Climate and Weather Study Notes

General Characteristics: Mid-latitude cyclones are low-pressure cells that cause cold, wet weather, typically characterized by gale-force winds. They develop in mid-latitudes (30°-60° N/S) and travel from west to east.
Pressure and Wind Patterns: Pressure at the cyclone center is below 1000 hPa, with winds converging clockwise in the Southern Hemisphere and anticlockwise in the Northern Hemisphere due to the Coriolis effect.
Forming Conditions: These cyclones develop at the polar front, where warm sub-tropical air meets cold polar air, leading to rise and condensation of air.
Stages of Development: Passes through initial, mature, occluded, and degenerative stages over 2-5 days, with associated weather changes.
Weather Patterns: The weather changes significantly during the stages, dominated by warm and cold sectors separated by fronts, leading to clouds and precipitation.

Characteristics: Tropical cyclones are intense low-pressure systems that develop over warm oceans between 30° N and 30° S, forming primarily at the Inter-Tropical Convergence Zone (ITCZ).
Stages of Development: They have formative, immature, mature, and degenerating stages, with the mature stage experiencing winds up to 300 km/h and heavy rainfall.
Effects: Significant destruction in coastal areas, causing flooding, loss of life, and extensive health crises due to waterborne diseases.
Identification: Recognizable on satellite images by their circular structure and clear eye, often accompanied by storm surge and rainfall.

Definition & Characteristics: High-pressure cells (30° N/S) that bring descending, dry, warm air, affecting weather patterns in Southern Africa. Major anticyclones include South Atlantic, South Indian, and Kalahari.
Seasonal Influence: Their positions change seasonally, influencing summer rainfall and winter droughts in South African regions.
Travelling Disturbances: Include moisture fronts, line thunderstorms, berg winds, and cut-off lows that influence precipitation patterns.

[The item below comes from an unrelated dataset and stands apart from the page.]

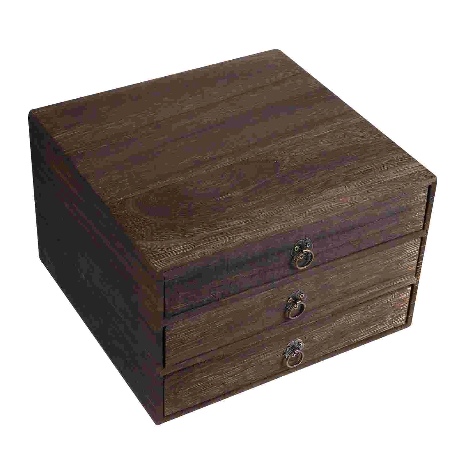 FaFlwlCEDAHere you can buy Vintage Wood Desktop Organizing Box Multi-Layer Drawer Type Jewelry Storage Case Dustproof Document Box With Handle with free delivery to your post office.

Microclimates: Valleys experience unique temperature variations due to slope aspect affecting sun exposure, leading to warmer north-facing and cooler south-facing slopes.
Winds: Anabatic (upslope) and katabatic (downslope) winds through day-night cycles can cause temperature inversions, leading to frost pockets.

Urban Heat Islands: Cities experience warmer climates compared to rural areas due to materials like concrete absorbing heat. Seasonal fluctuations in temperature can lead to distinct urban heat islands.
Pollution Domes: Masses of polluted air trapped by temperature inversions can form domes, resulting in smog and health issues.
Mitigation Strategies: Include installing reflective roof surfaces and increasing urban greenery to combat heat retention and reduce pollution.